• **Given data**
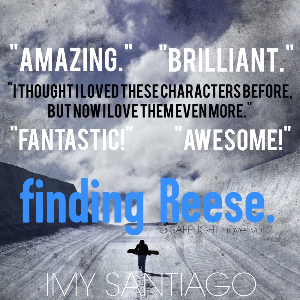 finding Reese. Update Posted on April 18, 2015 by imysantiago The countdown begins. finding Reese. a SAFELIGHT novel vol.2 Coming Soon. Make it rain! Click to share on X (Opens in new window) X Click to share on Facebook (Opens in new window) Facebook More Click to share on LinkedIn (Opens in new window) LinkedIn Click to share on Reddit (Opens in new window) Reddit Click to share on Tumblr (Opens in new window) Tumblr Click to share on Pinterest (Opens in new window) Pinterest Like Loading... Related
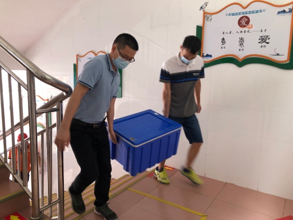 8時(shí)整,在德育處與教導(dǎo)處共同精心安排下,各班級(jí)觀看”復(fù)學(xué)第一課“,學(xué)習(xí)”疫情防控期間在校一日生活指南“。他們?cè)诶蠋煹慕M織下舉行了簡(jiǎn)單而莊嚴(yán)的升旗儀式。接著,老師們圍繞“科學(xué)防控”“心理疏導(dǎo)”“擔(dān)當(dāng)成長(zhǎng)”等主題進(jìn)行授課……上午課程結(jié)束后,由男教師組成的“送餐志愿服務(wù)隊(duì)”忙而不亂,為四、六年級(jí)孩子送餐;五年級(jí)跟隨班主任排隊(duì)到飯?zhí)镁筒汀?/p>
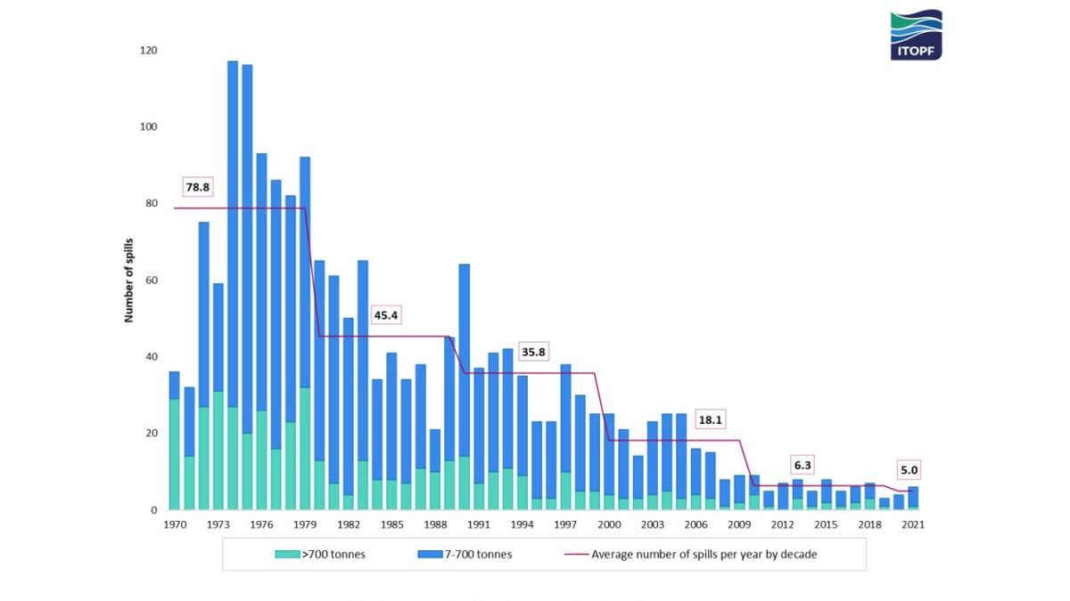 The latest data from ITOPF for 2021 shows tanker spills were within the long-term average, even if the number of overall oil spills increased slightly

• **Task statement**
Output the data above exactly, beginning at its first line and ending with the line that holds "8時(shí)整,在德育處與". Leave out the pictures and add nothing.

• **Solution to this problem**
 finding Reese. Update Posted on April 18, 2015 by imysantiago The countdown begins. finding Reese. a SAFELIGHT novel vol.2 Coming Soon. Make it rain! Click to share on X (Opens in new window) X Click to share on Facebook (Opens in new window) Facebook More Click to share on LinkedIn (Opens in new window) LinkedIn Click to share on Reddit (Opens in new window) Reddit Click to share on Tumblr (Opens in new window) Tumblr Click to share on Pinterest (Opens in new window) Pinterest Like Loading... Related
 8時(shí)整,在德育處與教導(dǎo)處共同精心安排下,各班級(jí)觀看”復(fù)學(xué)第一課“,學(xué)習(xí)”疫情防控期間在校一日生活指南“。他們?cè)诶蠋煹慕M織下舉行了簡(jiǎn)單而莊嚴(yán)的升旗儀式。接著,老師們圍繞“科學(xué)防控”“心理疏導(dǎo)”“擔(dān)當(dāng)成長(zhǎng)”等主題進(jìn)行授課……上午課程結(jié)束后,由男教師組成的“送餐志愿服務(wù)隊(duì)”忙而不亂,為四、六年級(jí)孩子送餐;五年級(jí)跟隨班主任排隊(duì)到飯?zhí)镁筒汀?/p>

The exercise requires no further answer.